@Ansuel, I got the multi segment patch done and did some benchmark. As expected, performance is worst compared to software. Small payload performance is very much worst compared to larger payloads. The only consolation would be that the Krait CPU utilisation is low when ciphering is performed.
Results as shown below:
With NSS crypto engine:
cmd: openssl speed -multi <#> -elapsed -evp aes-128-cbc
type 16 bytes 64 bytes 256 bytes 1024 bytes 8192 bytes 16384 bytes
multi 1 - evp 57.71k 228.33k 901.21k 3721.22k 25534.46k 42172.42k
multi 2 - evp 115.31k 474.11k 1788.84k 7097.69k 48073.39k 82209.45k
multi 4 - evp 213.83k 804.63k 3343.10k 13139.97k 87851.01k 154785.11k
multi 8 - evp 372.37k 1520.49k 5923.13k 24416.26k 163594.24k 279426.14k
With software based crypto engine:
cmd: openssl speed -multi <#> -elapsed aes-128-cbc
type 16 bytes 64 bytes 256 bytes 1024 bytes 8192 bytes 16384 bytes
multi 1 - aes-128 cbc 67744.05k 76908.97k 80787.80k 81865.39k 81619.63k 81324.71k
multi 2 - aes-128 cbc 126358.25k 146981.03k 153913.83k 156381.53k 155462.31k 153796.61k
multi 4 - aes-128 cbc 115177.91k 146950.73k 154273.49k 155684.82k 155689.95k 156975.10k
multi 8 - aes-128 cbc 114552.63k 146711.88k 153911.55k 155999.50k 156242.05k 156512.62k
As expected with 2 or more threads, software based crypto hit the throughput ceiling with the 2 CPU cores both at 100% throughout the benchmark.

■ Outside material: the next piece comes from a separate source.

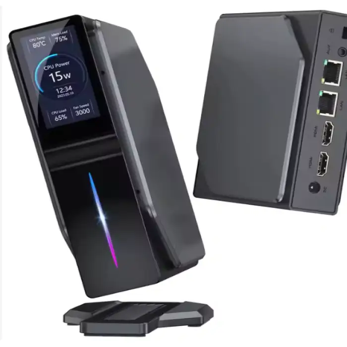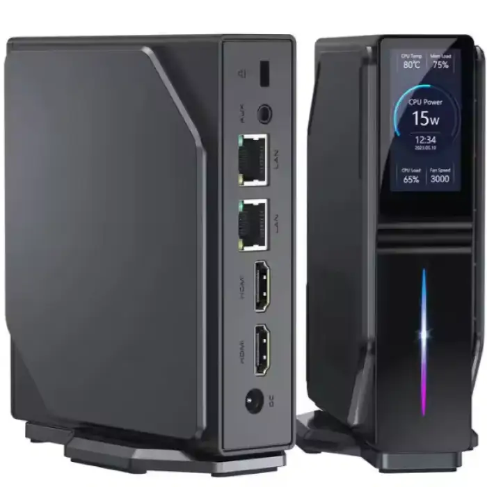 The S1 RGB Gaming Mini PC features a 1.9" TFT LCD screen with a resolution of 170x320, providing useful information at a glance.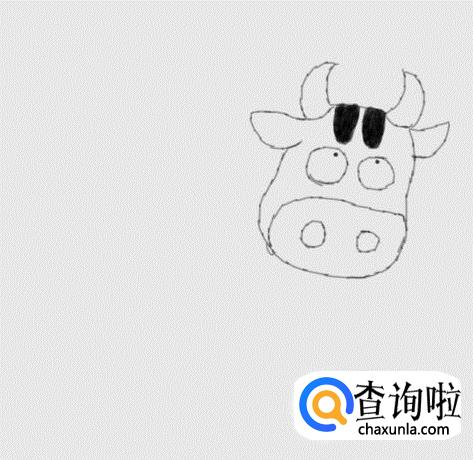 再在眼睛下面画出奶牛的鼻子及鼻孔,如图所示:

Couldn't go to 16 threads as the NSS crypto driver complains about not able to allocate crypto sessions.
@drbrains the results looks comparable to the eip-93 engine you've developed for the mt7621a SoC for 1 thread, but the beefier ipq806x SoC moves ahead with 4 crypto engines when benched with multiple threads. I read the performance benchmark doc you pushed into your Github repo. Have you made any progress in improving the performance of the eip-93 driver? I could learn from your approach if you made a breakthrough.